Pour les écoles de commerce, dit-elle, le défi consiste à éviter d’utiliser la technologie pour le plaisir de la technologie. « Les métavers pourraient être la prochaine itération d’Internet mais, tant que nous n’aurons pas trouvé les bons cas d’utilisation, ils resteront un fantasme », affirme-t-elle.

Malgré les possibilités passionnantes des métavers, les écoles de commerce sont encore loin d’en avoir exploité tout le potentiel, affirme David Lefevre, professeur de pratique de l’innovation numérique à l’Imperial College Business School de Londres. « C’est une idée fantastiquement séduisante d’un univers alternatif que nous habitons, mais le métavers est pour l’instant plutôt une aspiration », dit-il.

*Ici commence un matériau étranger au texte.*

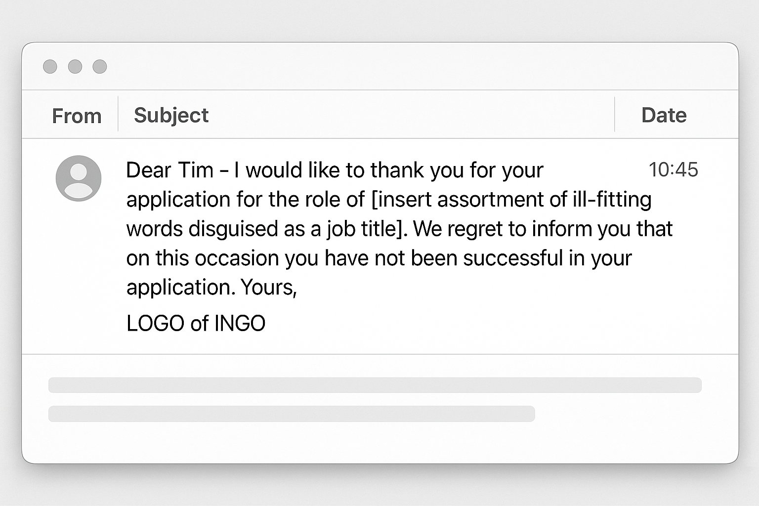 The email above is verbatim from an INGO that rejected me for a “Head of” position. I get emails like these a lot and am comfortable sharing that. It was a rather whimsical application to be fair, given the last six years I’ve been in the market for short term consultancies rather than full-time roles.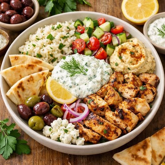 A fresh, protein-packed bowl loaded with juicy Mediterranean chicken, fluffy pita, crisp veggies, and a creamy lemon dill feta sauce. Perfect for lunch or dinner!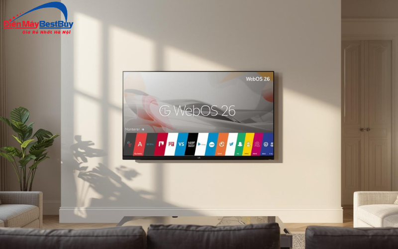 Tivi được trang bị webOS 26 với giao diện thân thiện, dễ sử dụng. Kho ứng dụng phong phú giúp người dùng dễ dàng truy cập các nội dung giải trí trực tuyến.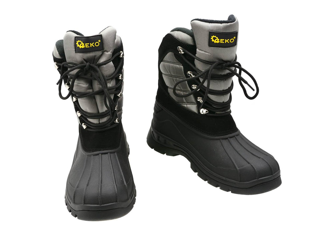 Ez a HÓCSIZMA 43-AS MÉRET GEKO poliészter, nejlon, poliuretán és gumi kombinációjából készül. A talp hossza 28,4 cm, amely a 43-as méretnek felel meg, a pár teljes tömege pedig körülbelül 1,6 kg.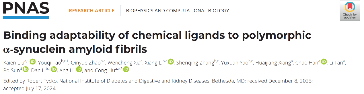 2024年8月22日,来自中国科学院上海有机化学研究所生物与化学交叉研究中心的刘聪课题组在《美国国家科学院院刊》(PNAS)期刊上发表了文章“Binding adaptability of chemical ligands to polymorphic α-synuclein amyloid fibrils”。该研究系统分析了不同化学小分子与帕金森病关键病理蛋白α-突触核蛋白(α-synuclein,α-syn)形成的不同amyloid polymorphs的结合位点与模式,首次揭示了小分子在识别与结合不同polymorphs时的高度可塑性。该工作是在刘聪课题组2023年提出的化学分子与淀粉样聚集互作的基本规律(https://www.nature.com/articles/s41589-023-01370-x)的基础上进一步深化的成果。这项工作进一步拓展和完善了化学分子与淀粉样聚集的互作理论,而且为病理蛋白聚集纤维的分子探针设计、研发以及其在临床应用中的潜力展现了新的前景。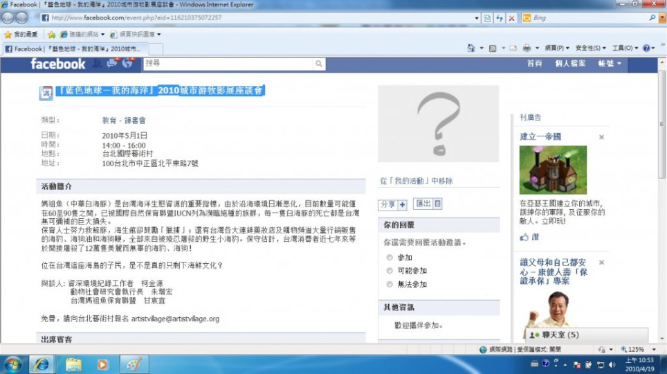 『藍色地球-我的海洋』2010城市游牧影展座談會 -轉載

Les principaux défis consistent à garantir l’interopérabilité, qui permettrait aux étudiants de se déplacer librement entre différents mondes virtuels. La consommation d’énergie élevée est également une préoccupation. « Les ressources nécessaires pour faire fonctionner l’environnement virtuel, que ce soit dans le nuage ou localement, sont considérables », explique Tamim Elbasha, doyen associé de l’apprentissage et du développement de la qualité à l’Audencia Business School, en France.

Roselva Tunstall, directrice du laboratoire edtech de l’ESMT de Berlin, émet d’autres doutes. « L’accessibilité numérique est un défi », dit-elle, soulignant que la réalité virtuelle peut être coûteuse et peut également provoquer le mal des transports. Les enseignants et le personnel doivent également être formés pour pouvoir dispenser des cours à l’aide de ces outils, ajoute-t-elle.

D’autres écoles citent les problèmes de confidentialité et de protection des données comme des obstacles à l’introduction de l’enseignement commercial dans les métavers. Quoi qu’il en soit, Mme Tunstall estime qu’il est peu probable que ces outils supplantent les méthodes d’enseignement traditionnelles. « Le métavers n’est pas destiné à remplacer, il est destiné à améliorer ».